How important are Mack’s stories to selling his wine?
“Hugely important,” says Vincenzo Guglietta, Banville & Jones’ sales manager. “Andre tells a compelling story. Let’s face it, there are a whole lot of wines out there. Without a story, it’s just juice.”
For the rest of the day and the next several weeks, Mack tells his story again and again— at a food-industry incubator that afternoon, at that evening’s launch of eBay Wine— a new website that Mack is curating— a TV show taping at his house that weekend, then
tastings in Boston, dinners in Milwaukee, more distributors in Kentucky, and then a few days in Texas.
It’s a grueling schedule, but as Mack sees it, more fuel for the wine’s story.
“At some point, Robert Mondavi was walking from store to store carrying bottles in a bag, too.” Mack has no paid assistants, no sales staff. The wines are about a singular taste, a singular vision. So much so that Mack also designs the stark, black-and-white labels that vie for attention in a market where many drinkers judge wines by their covers.
“I wasn’t able to convey what I wanted to other designers,” Mack said. “So I taught myself.”
“For now, it’s just me, ” Mack says. “I’m the best person to tell my story and the story of the wine. So far, it’s working.”
And it’s a good story. Wine steward at The Palm in San Antonio; winner of the “Best Young Sommelier” competition and the first African-American to do so. Recruited by chef Thomas Keller to head the wine program at Manhattan’s four-star Per Se, where wines can climb to $24,000 a bottle. Then a calling to strike out on his own, a risky move from a safe gig, self-training, self-doubt, mistakes.
In just under 12 years, Mouton Noir (French for “Black Sheep”) has grown from 36 cases shipped in its first year to more than 33,000 cases in 2016. That puts Mouton Noir at the very high end of the small-winery business, a category in which most wineries sell fewer than 2,000 cases per year.
Mack also sells a lifestyle, a concept of fun and approachability backed by disarming quality.
“I’m trying to create something that is not just a wine company, but an experience. Something you can remember after the wine is finished.”

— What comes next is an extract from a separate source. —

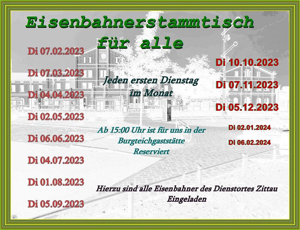 | Di 04.04.2023 | ab 15:00 Uhr | Eisenbahnerstammtisch | Gaststätte Burgteich |
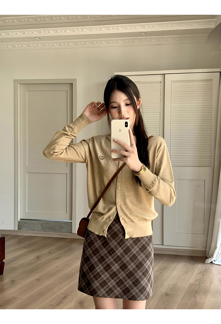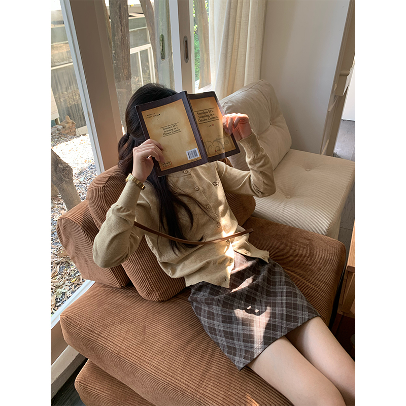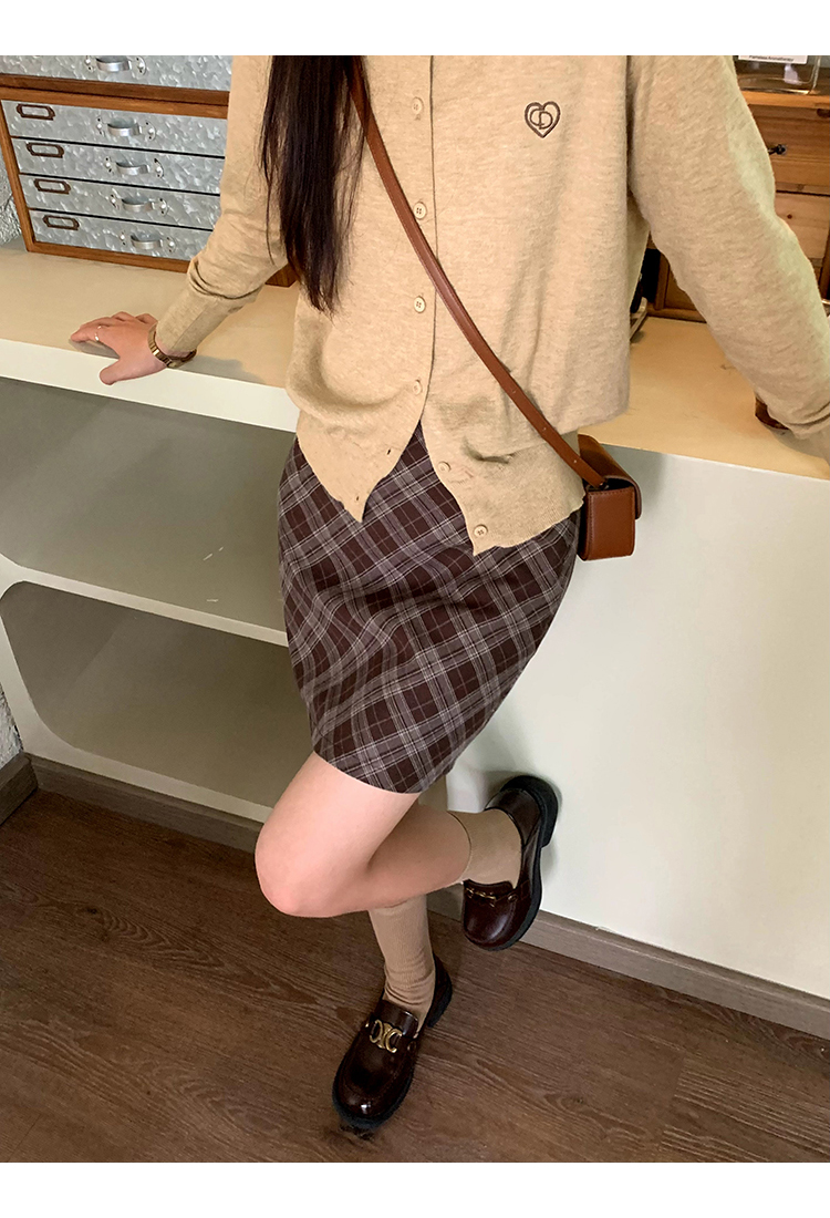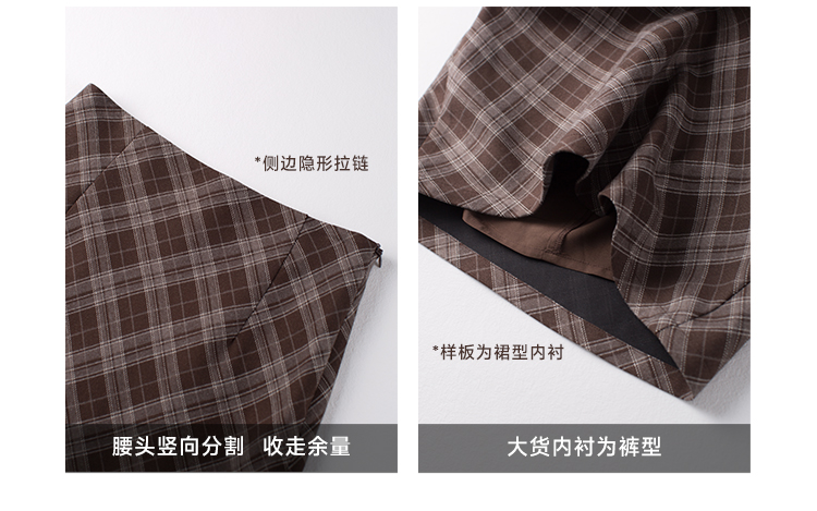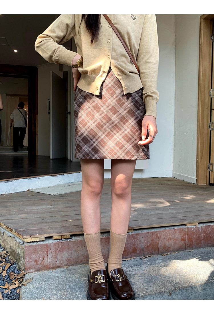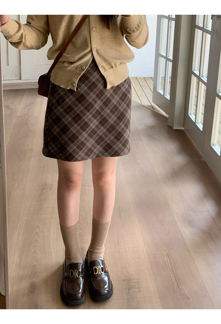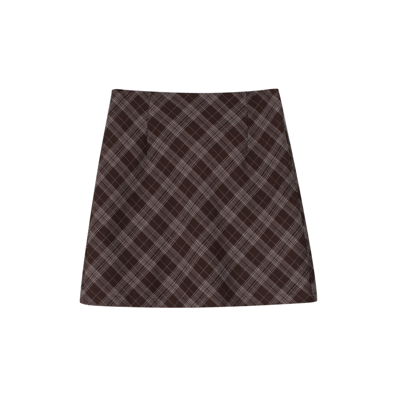cozydays 美式復古咖啡色格紋半裙女秋季溫柔氣質格子高腰a字短裙

A husband and father of three boys, Mack says what he’s really doing— the hard work, the tough schedule, the constant hustle— is building a family business.
“My children taste my wine. I want them to know what I do and where it comes from. They travel with me to the vineyards, touch the grapes, walk the farms. That’s what it’s all about. “This is what I want to be remembered for. This is my legacy.”